What did Ndindi Nyoro say on Kenya’s debts? He further stated that in the last financial year alone, the government borrowed KSh 1.2 trillion, a figure he described as unsustainable. “Unless we sober up as a nation, the economy itself will eventually force us to sober up, and when that day comes, the consequences will be dire,” the legislator warned. Nyoro underscored that many large-scale development projects in the country, including roads, stadiums, and housing, are not being financed through foreign loans but by domestic revenue streams. Among them, he cited the fuel levy, which continues to shoulder much of the weight of infrastructure financing. The legislator pressed for what he termed logical and disciplined resource management, saying that Kenya can only reach its full potential as an economic powerhouse in the region if leaders stop reckless fiscal practices. What effect will tolling of Nairobi-Nakuru road have on businesses?
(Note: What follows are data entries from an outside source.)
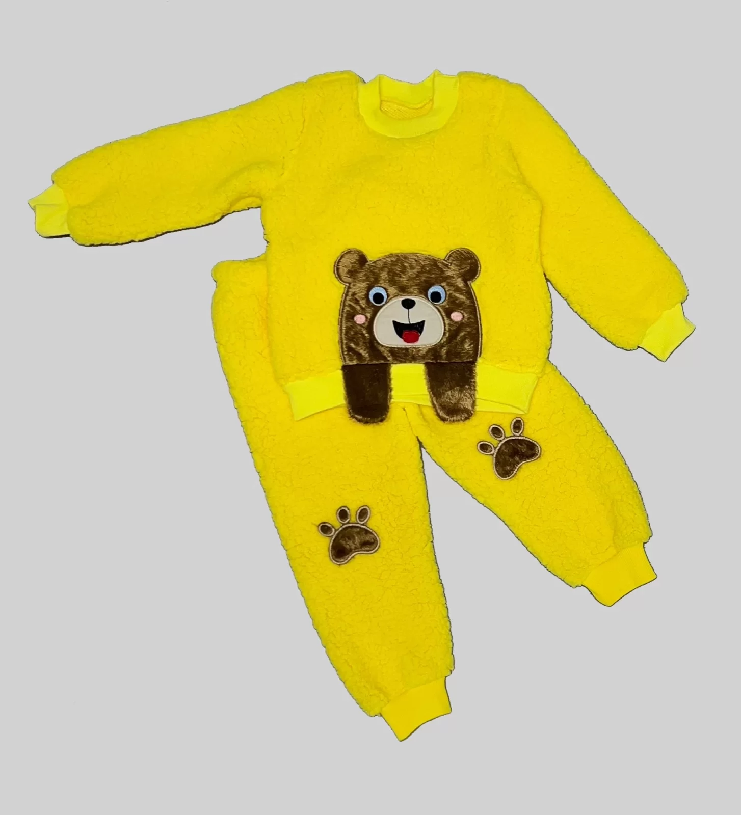 1-2-3 Yaş Sallanan El Ayıcıklı Kuzu Kumaş Sweat Patili Pantolon Uzun Kollu Kız Erkek 2 Li Takımı Sarı
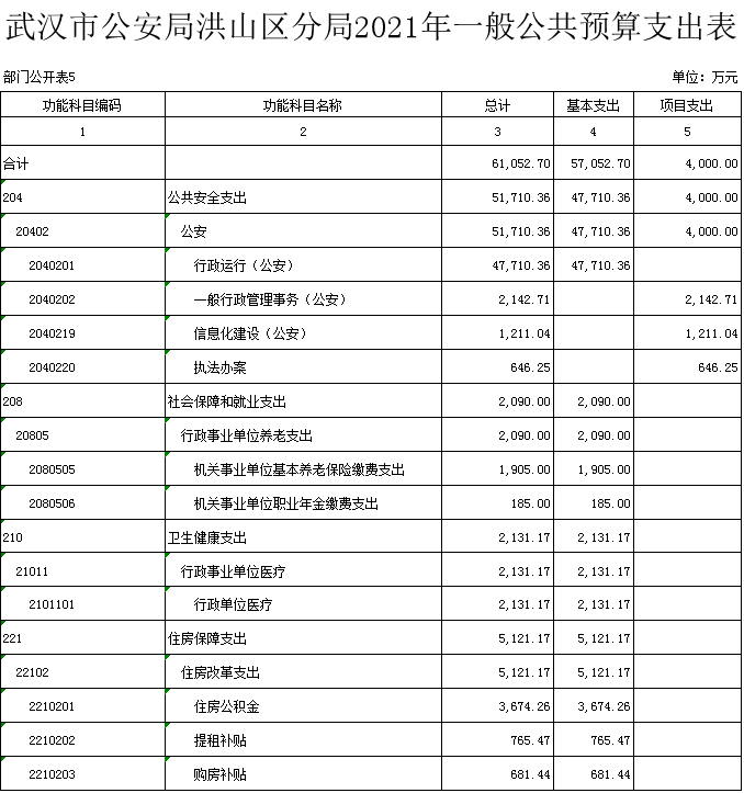 名 称:武汉市公安局黄色网址 分局2021年一般公共预算支出表
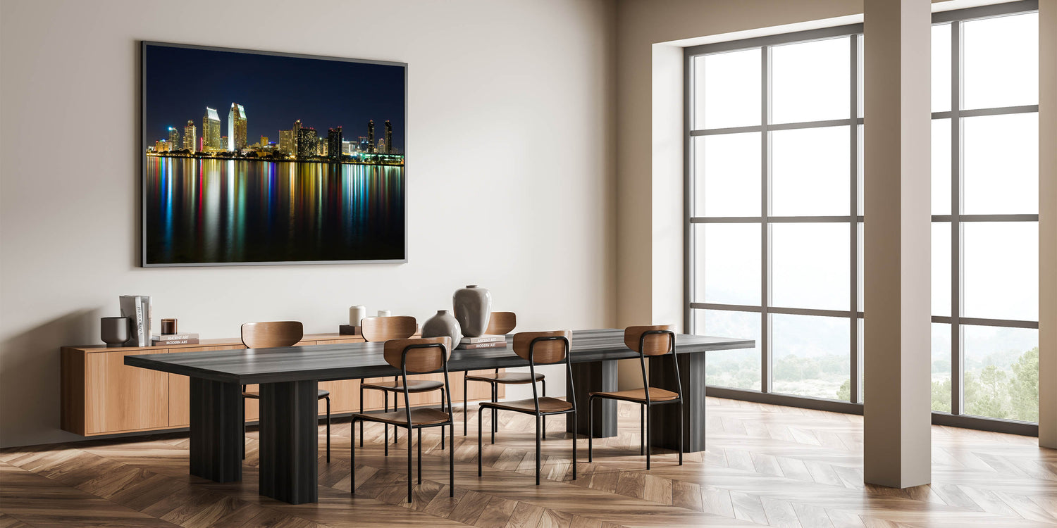 Add a piece of San Diego’s iconic nightscape to your space and enjoy the captivating reflection of city lights on your walls. This artwork brings a blend of modern style and urban charm, perfect for anyone looking to celebrate California’s beauty.
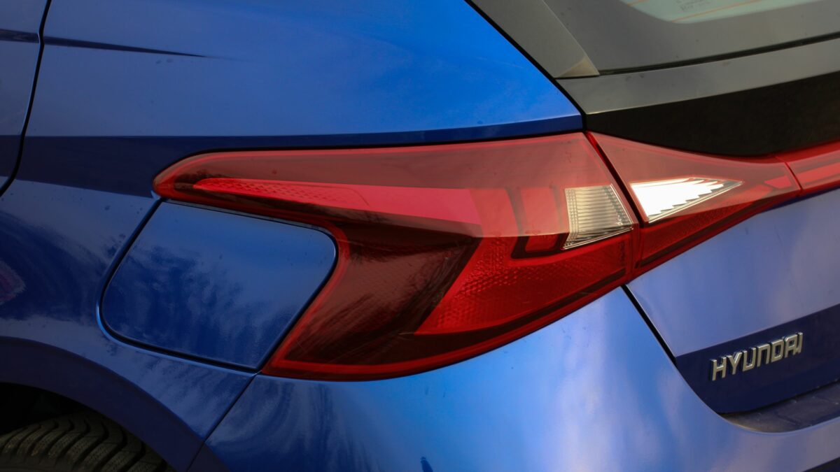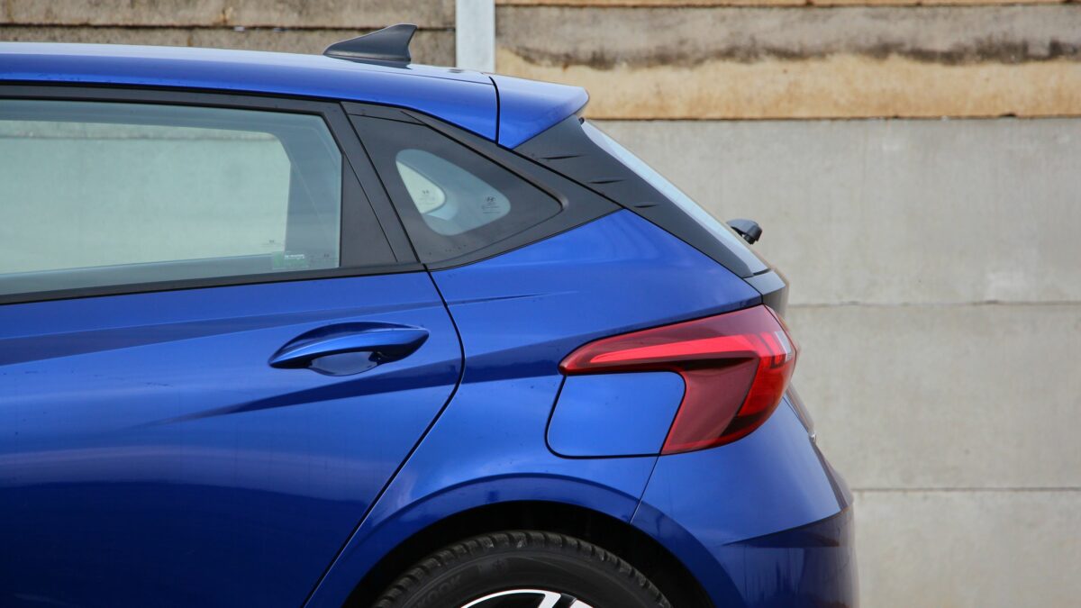 Tucson előtt láthatta a nagyvilág az i20 formatervét, amely az új formanyelven „íródott”. Habár nem annyira extravagáns, mint a szabadidő-autóé, de így is kiemelkedően izgalmas szerintem a kisautók között. Az a sok éles ív és „vágás”, mintha egy szélviharban formálódott volna a végleges állapotába. Tekintete morcos, kihívó, a hűtőrácsban én a Hyundai embléma ismétlődését véltem felfedezni, ami olyan, mint egy szépen rímelő vers műanyagba öntve. Az autó oldalán bár semmiféle koptatócsík nincs, a nagy lemezfelületek nem válnak unalmassá, hiszen az emelkedő övvonal mellett a többi él is a száguldás érzetét kelti. Hátul pedig a lámpákat összekötő fénycsík csempész nagyautósabb hangulatot az összképbe. A sportosság jegyében még egy kis diffúzor utánzat is jutott ide, ami talán egy kicsit túljátszottnak hat, de végülis jól mutat.
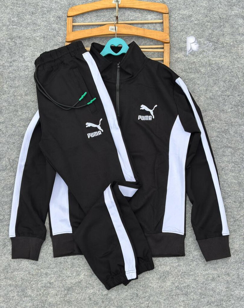 Ensemble de sport Puma pour homme, confortable et stylé, idéal pour l'entraînement et les loisirs. Fabriqué en matériaux respirants avec logo distinctif. Parfait pour les activités sportives et détente.
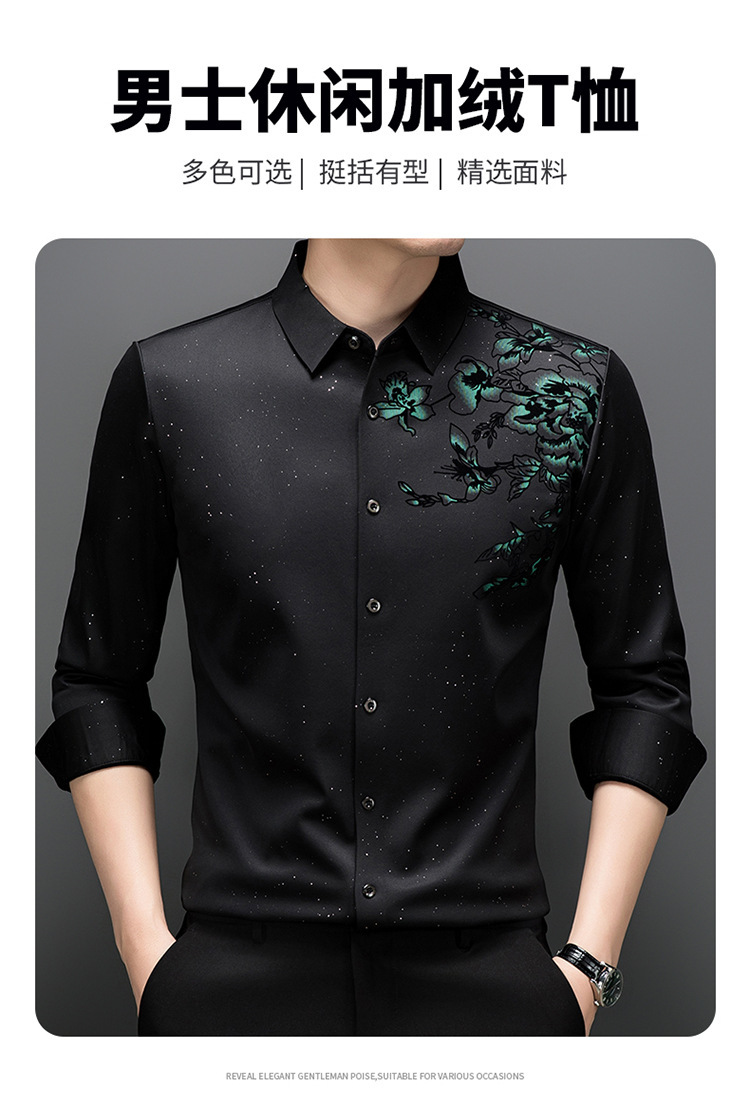 기모 두꺼운 스트레치 긴 소매 셔츠 남자 가을 겨울 올 매치 패션베이스 셔츠
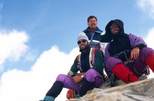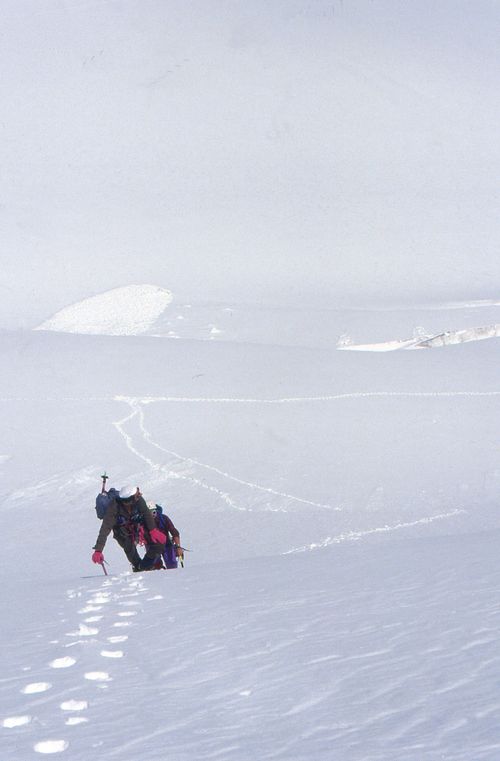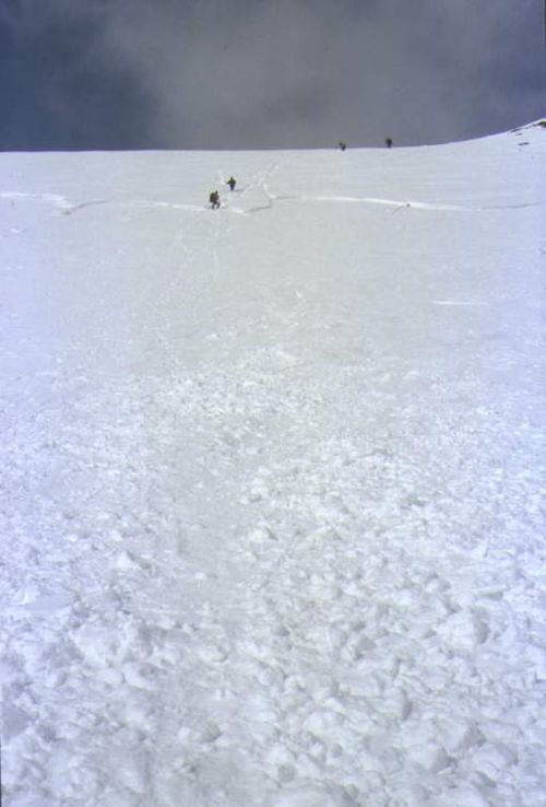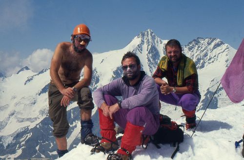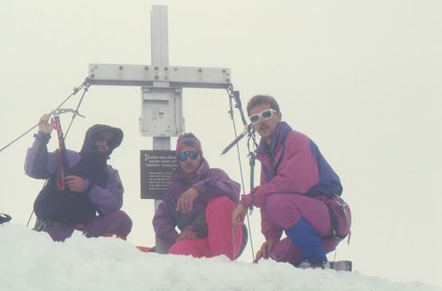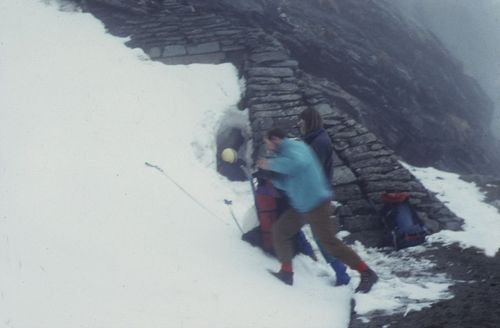 Ein gewaltiges Schneebrett am Gegenhang des Großen Wiesbachhorns riss einen Teilnehmer der anderen Seilschaft unserer Gruppe mit in die Tiefe. Er schwamm um sein Leben und blieb oben auf - unverletzt. Es war an seinem Geburtstag. An der Grubenschartenschachtel gab es eine Übernachtung. Der Sturm rüttelte stark an der Biwakschachtel, die nicht mehr an allen Seilen fest verankert war. Ich und ein weiterer Teilnehmer machten dem Neuling aber Angst, indem wir laut darüber nachdachten, was wohl passieren würde, wenn die Schachtel aus der Verankerung gerissen wird und wir nur noch an einem Stahlseil über die Kante hingen. Ja, er zog sich an und wollte in die Nacht hinaus → nur mit Mühe konnten wir ihn zurückhalten! |
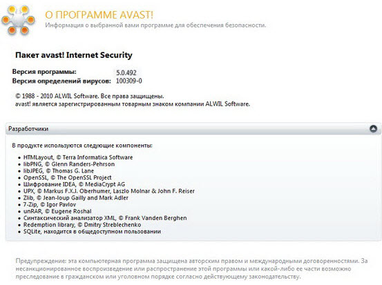 Скачать программу Avast! Internet Security 5.0.492 (49,15 МБ):
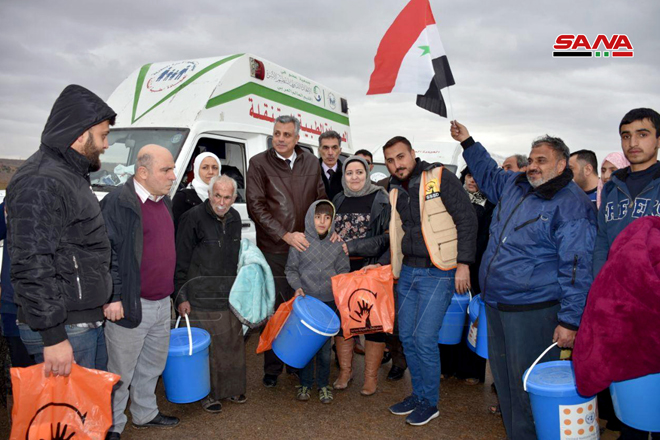 Корреспондент агентства САНА сообщил, что армейские подразделения доставили семьи, которые жили в суровых условиях под контролем террористических организаций, в центры временного проживания, оказав им продовольственную и медицинскую помощь. Армия расчищает город от мин и взрывных устройств, чтобы сохранить жизни гражданских лиц и обеспечить необходимые условия для подготовки к возвращению жителей.
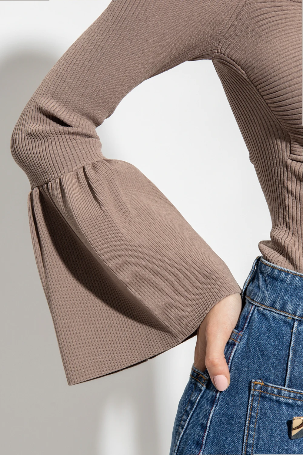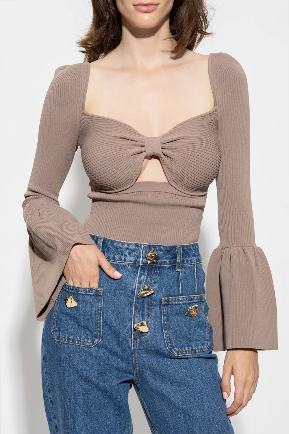 Brązowoszary, prążkowany top o dopasowanym kroju Self-Portrait. Z przodu ozdobiony węzłem oraz dekoracyjnym wycięciem. Kwadratowy dekolt, długie rękawy zakończone falbaną.

On infrastructure, Nyoro raised specific concerns over the proposed Nairobi–Nakuru toll road project, which is reportedly under consideration for financing through the National Social Security Fund (NSSF). He strongly opposed the plan, warning that the road tolling system would increase costs for local businesses and risk redirecting trade to neighboring countries. TUKO.co.ke reached out to Nyoro for exclusive comment, where he reiterated his stance. “That road should be built, yes, but financed through internally generated resources, not tolls that punish Kenyans and our regional partners,” he said. Ndindi Nyoro warned against the proposed tolling of the busy Nairobi-Nakuru highway.
Nyoro further criticised the escalating fuel prices and the recently introduced housing levy, claiming that such policies are not only straining households but also crippling industries, shutting down opportunities for young people, and worsening unemployment. He also accused the government of prioritising political appeasement at the expense of economic growth. “The money you see those in power dishing out every day is budgeted from Kenyans’ pockets,” he remarked. He pointed out that even during his time as Chair of the National Assembly Budget Committee, he consistently rejected such practices. Nyoro’s remarks have injected new energy into the ongoing debate about Kenya’s fiscal path.